— SOURCE DATA —
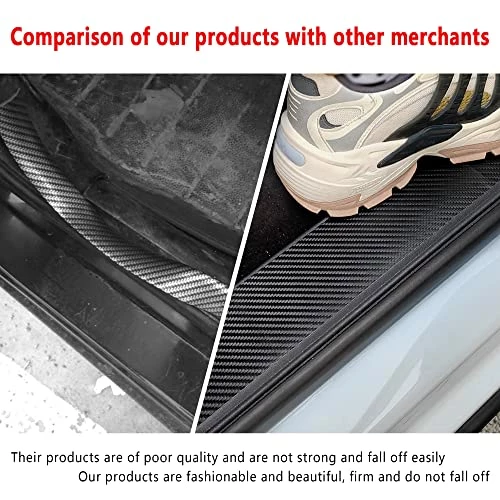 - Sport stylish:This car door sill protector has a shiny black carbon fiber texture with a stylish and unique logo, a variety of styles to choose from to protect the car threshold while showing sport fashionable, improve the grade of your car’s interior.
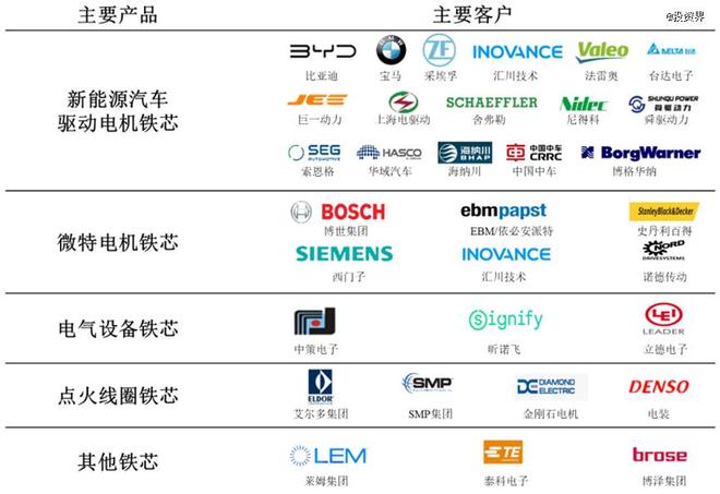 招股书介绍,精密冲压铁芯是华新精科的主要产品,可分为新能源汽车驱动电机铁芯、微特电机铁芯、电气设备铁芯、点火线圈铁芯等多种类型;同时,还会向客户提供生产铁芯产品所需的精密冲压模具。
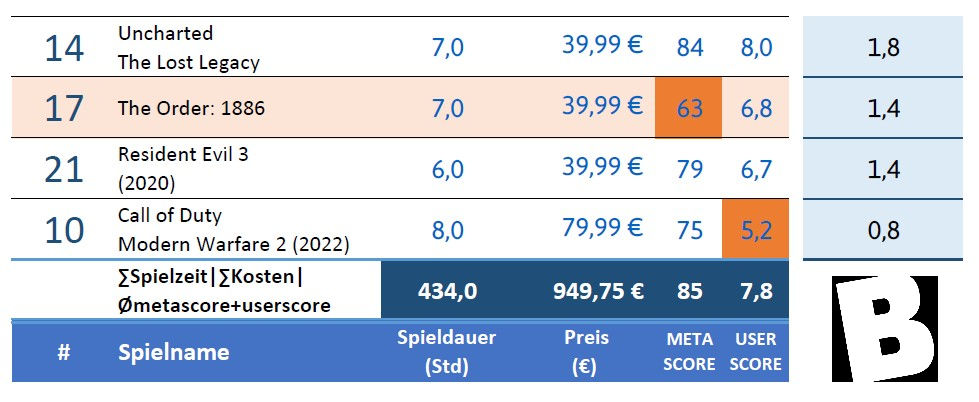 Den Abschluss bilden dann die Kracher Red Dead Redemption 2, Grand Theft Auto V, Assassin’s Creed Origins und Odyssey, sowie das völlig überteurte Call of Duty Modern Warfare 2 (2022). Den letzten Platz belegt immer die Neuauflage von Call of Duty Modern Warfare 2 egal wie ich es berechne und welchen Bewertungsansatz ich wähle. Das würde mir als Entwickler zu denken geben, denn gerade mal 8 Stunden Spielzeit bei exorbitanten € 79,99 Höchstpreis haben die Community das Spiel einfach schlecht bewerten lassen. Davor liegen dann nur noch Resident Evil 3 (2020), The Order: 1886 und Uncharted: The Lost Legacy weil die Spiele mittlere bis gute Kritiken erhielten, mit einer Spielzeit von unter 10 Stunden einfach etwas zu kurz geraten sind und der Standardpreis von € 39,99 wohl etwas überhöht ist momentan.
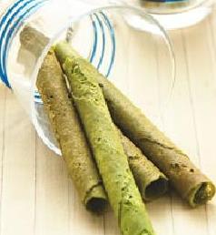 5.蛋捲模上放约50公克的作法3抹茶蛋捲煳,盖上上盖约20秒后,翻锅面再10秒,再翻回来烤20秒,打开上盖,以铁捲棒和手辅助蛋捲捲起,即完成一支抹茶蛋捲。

— DIRECTIONS —
Print the stretch of the data from the line with "Den Abschluss bilden" through its last line, exactly and with both ends kept. Omit pictures.

— TASK RESPONSE —
 Den Abschluss bilden dann die Kracher Red Dead Redemption 2, Grand Theft Auto V, Assassin’s Creed Origins und Odyssey, sowie das völlig überteurte Call of Duty Modern Warfare 2 (2022). Den letzten Platz belegt immer die Neuauflage von Call of Duty Modern Warfare 2 egal wie ich es berechne und welchen Bewertungsansatz ich wähle. Das würde mir als Entwickler zu denken geben, denn gerade mal 8 Stunden Spielzeit bei exorbitanten € 79,99 Höchstpreis haben die Community das Spiel einfach schlecht bewerten lassen. Davor liegen dann nur noch Resident Evil 3 (2020), The Order: 1886 und Uncharted: The Lost Legacy weil die Spiele mittlere bis gute Kritiken erhielten, mit einer Spielzeit von unter 10 Stunden einfach etwas zu kurz geraten sind und der Standardpreis von € 39,99 wohl etwas überhöht ist momentan.
 5.蛋捲模上放约50公克的作法3抹茶蛋捲煳,盖上上盖约20秒后,翻锅面再10秒,再翻回来烤20秒,打开上盖,以铁捲棒和手辅助蛋捲捲起,即完成一支抹茶蛋捲。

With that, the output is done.